2023-04-28 15:54:05,585 WARNING [py.warnings/MainProcess] warnings._showwarnmsg : C:\MyPrograms\Anaconda\envs\casanovo_env\lib\site-packages\torch\nn\functional.py:4999: UserWarning: Support for mismatched key_padding_mask and attn_mask is deprecated. Use same type for both instead.
  warnings.warn(

2023-04-28 15:54:05,706 WARNING [py.warnings/MainProcess] warnings._showwarnmsg : C:\MyPrograms\Anaconda\envs\casanovo_env\lib\site-packages\torch\nn\modules\activation.py:1144: UserWarning: Converting mask without torch.bool dtype to bool; this will negatively affect performance.

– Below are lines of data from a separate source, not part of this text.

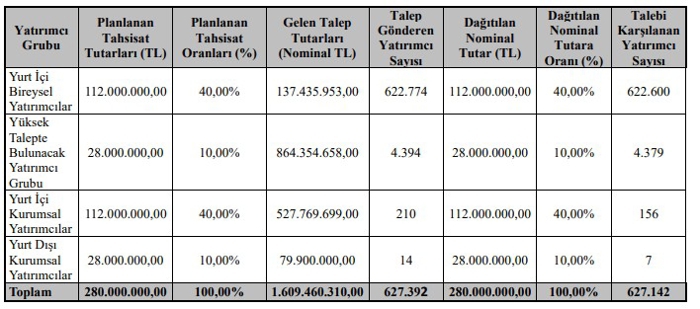 Dağıtıma esas tahsisat oranları ise yurt içi bireysel yatırımcılar için %40, yüksek talepte bulunacak yatırımcı grubu için %10, yurt içi kurumsal yatırımcılar için %40 ve yurt dışı kurumsal yatırımcılar için ise %10 olarak gerçekleşmiştir.
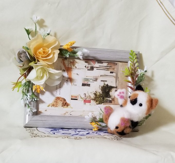 お寒うございます。 室温9度。寒いっす。 風邪ひかないよつ、暖かく過ごしてくださいね。 今日もよろしくお願いします(。ᵕᴗᵕ。) #ハンドメイド好きさんと繋がりたい #羊毛フェルト #minneで販売中 #フォトフレーム
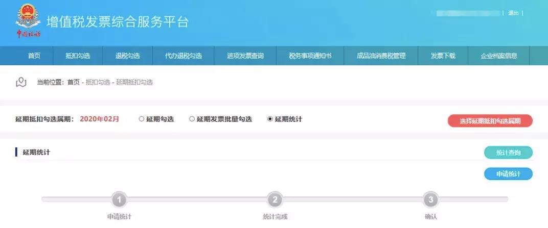 3、在申报期内需要使用“抵扣勾选统计”功能进行抵扣申请,并在抵扣申请处理完成后对抵扣统计表进行签名确认,完成签名确认后填写申报表进行申报。

Prefer to use a boolean mask directly. (Triggered internally at ..\aten\src\ATen\native\transformers\attention.cpp:152.)
  return torch._native_multi_head_attention(

Predicting DataLoader 0: 100%|█████████████████████████████████████████████████████████| 1/1 [30:20<00:00, 1820.87s/it]
Traceback (most recent call last):
  File "C:\MyPrograms\Anaconda\envs\casanovo_env\lib\runpy.py", line 196, in _run_module_as_main
    return _run_code(code, main_globals, None,
  File "C:\MyPrograms\Anaconda\envs\casanovo_env\lib\runpy.py", line 86, in _run_code
    exec(code, run_globals)
  File "C:\MyPrograms\Anaconda\envs\casanovo_env\Scripts\casanovo.exe\__main__.py", line 7, in <module>
  File "C:\MyPrograms\Anaconda\envs\casanovo_env\lib\site-packages\click\core.py", line 1130, in __call__
    return self.main(*args, **kwargs)
  File "C:\MyPrograms\Anaconda\envs\casanovo_env\lib\site-packages\click\core.py", line 1055, in main
    rv = self.invoke(ctx)
  File "C:\MyPrograms\Anaconda\envs\casanovo_env\lib\site-packages\click\core.py", line 1404, in invoke
    return ctx.invoke(self.callback, **ctx.params)
  File "C:\MyPrograms\Anaconda\envs\casanovo_env\lib\site-packages\click\core.py", line 760, in invoke
    return __callback(*args, **kwargs)
  File "C:\MyPrograms\Anaconda\envs\casanovo_env\lib\site-packages\casanovo\casanovo.py", line 166, in main
    writer.save()
  File "C:\MyPrograms\Anaconda\envs\casanovo_env\lib\site-packages\casanovo\data\ms_io.py", line 203, in save
    f"ms_run[{self._run_map[psm[1][0]]}]:{psm[1][1]}",
KeyError: 'C:\\MyPrograms\\MSConvert_output_temp\\sample_preprocessed_spectra.mgf'
bittremieux commented 1 year ago

Thank you for providing the full output. I think that this is a known bug that has recently been fixed (#168), but is not part of a new Casanovo release yet.

The problem more than likely is caused due to running Casanovo with a full file path, while the code was internally only using file names. Can you try to run it again from the directory where the MGF file is located and using -peak_path=sample_preprocessed_spectra.mgf and see whether that works?

PMDekker commented 1 year ago

Thanks, that was indeed the issue. It works now!